Although this mainly represents a potential improvement in GHC’s internals, where I’d really like to go with this is to push the ability to make a distinction between strict and lazy data into the type system of Haskell itself. This would mean that you could, for example, write functions that produce element-strict lists, and document some of the strictness properties of your functions in their types.
If any of this sounds interesting to you, you can obtain the paper from my freshly-minted Computer Lab website. You can leave any comments you may have on the corresponding Wiki page.
Edward,
Not quite: I think we can get autolifting almost for free.
Essentially, to retain polymorphism the idea is this: thunk on BOTH sides of the function arrow. Now the translation of the identity function on |Int|s has type |{Int} -> {Int}|.
Polymorphic functions like |map| now ALWAYS strictly evaluate expressions of polymorphic type - but it's up to the caller as to whether that should lead to thunk creation or real evaluation. Essentially we move thunking from use-sites into definition-sites.
Now, the question is how much of the extra thunks this creates we can optimize away.

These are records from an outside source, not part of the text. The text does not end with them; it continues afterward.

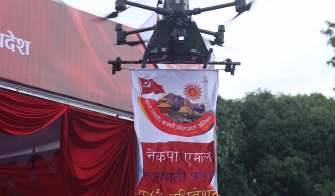 • काठमाडौं, ८ असोज । नेकपा एमालेको बागमती प्रदेश अधिवेशन काठमाडौंमा सुरु भएको छ । ड्रोनबाट ब्यानर उडाएर र रिमोटबाट दियो बालेर कार्यक्रम उद्घाटन गरिएको छ ।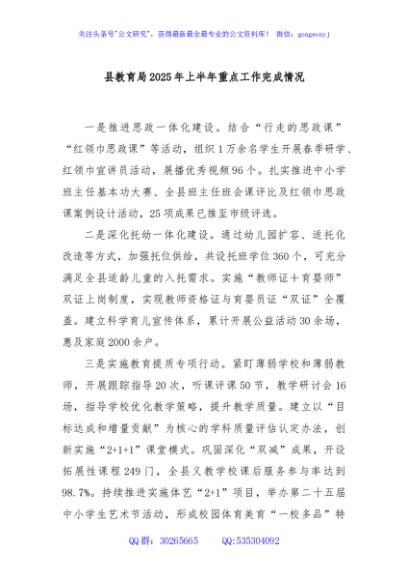 / 县教育局2025年上半年重点工作完成情况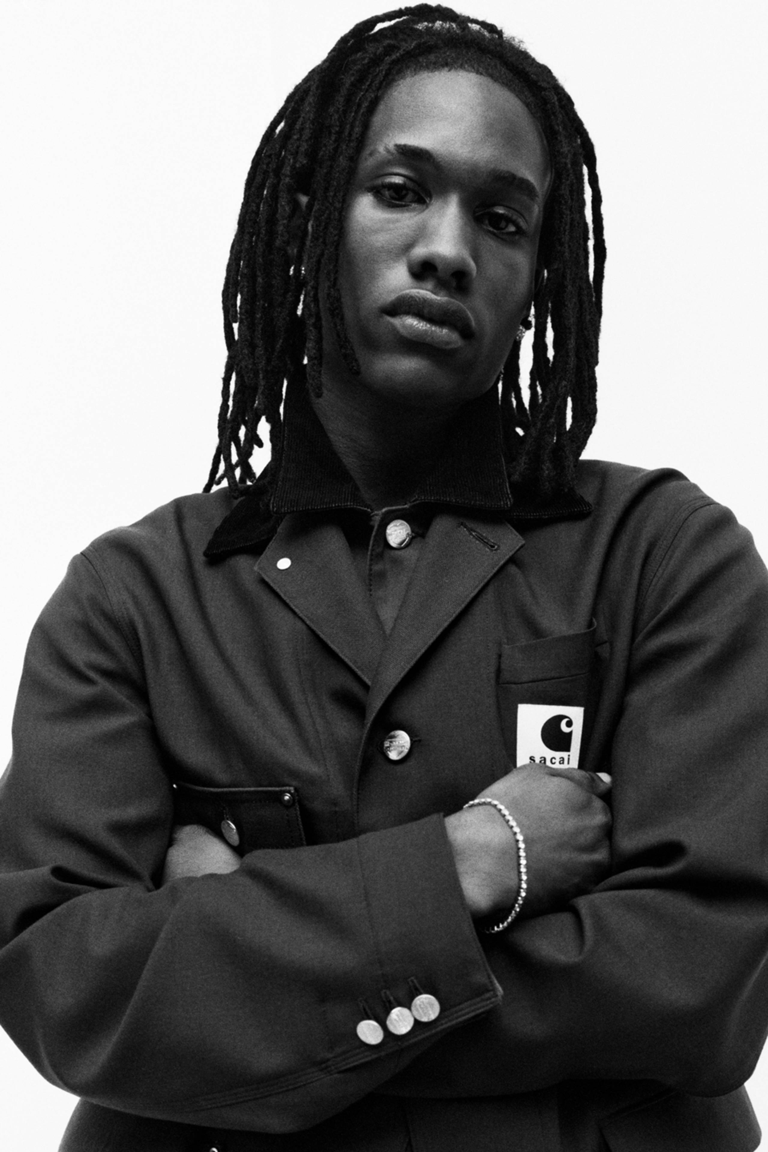 Available in North America Friday, February 6th at 10am EST / 7am PST. <br/> <br/> The sacai x Carhartt WIP Suiting Duck Jacket combines the silhouette of sacai’s single tailored jacket with elements of Carhartt WIP’s Siberian Parka and Chore Coat. The item is made from sacai’s wool-blend suiting fabric and features four Dearborn Canvas pockets, taking cues from Carhartt WIP’s Chore Coat. Meanwhile, the jacket’s lower two patch pockets reference Carhartt WIP’s Siberian Parka. An additional welt pocket appears on the chest. The jacket’s lapels can be fastened into a collar, and feature a mixture of corduroy fabric and Dearborn Canvas. A co-branded woven label completes the design.

For example, the binary function of type |Int -> Int -> Int| is translated to one of type |{Int} -> {{Int} -> {Int}}|, so you're going to end up doing a lot of bogus thunk operations which are immediately blasted by a force. This sucks and needs to change.
I think this scheme will work, but I need to flesh out the details and finish writing the paper :-)
By "more inefficient thunking mechanism" do you mean the autolifting types from the Not Not ML paper?
R.W.Harper (one of the ML designers) discusses using type systems to distinguish strict from lazy in his PL textbook (online draft on his web site: http://www.cs.cmu.edu/~rwh/plbook/book.pdf)
Distingushing between laziness and strictness in the type system is certainly not a new idea. Personally, I prefer the type system of Not Not ML (http://research.microsoft.com/en-us/um/people/simonpj/papers/not-not-ml/) has the nicest take on it, as the type system there encodes some nice operational notions about the difference between "strict" and "lazy".
That said, I hadn't seen the particular type system Harper suggests before. However, he doesn't seem to deal with the principal interesting features of adding hybrid lazy/strict evaluation to the language, namely:
1) Interaction with polymorphism. Can you instantiate a type variable with both lifted and unlifted types? I have a preliminary paper that answer this question, and the answer is "yes, as long as you are willing to accept a more inefficient thunking translation into the intermediate language"
2) Automatic insertion of thunk/force operations in a type-directed manner. This reduces the notational burden of working with mixed evaluation order. I'm also making some progress on this front.
If you know of any related work on these two axes please do let me know!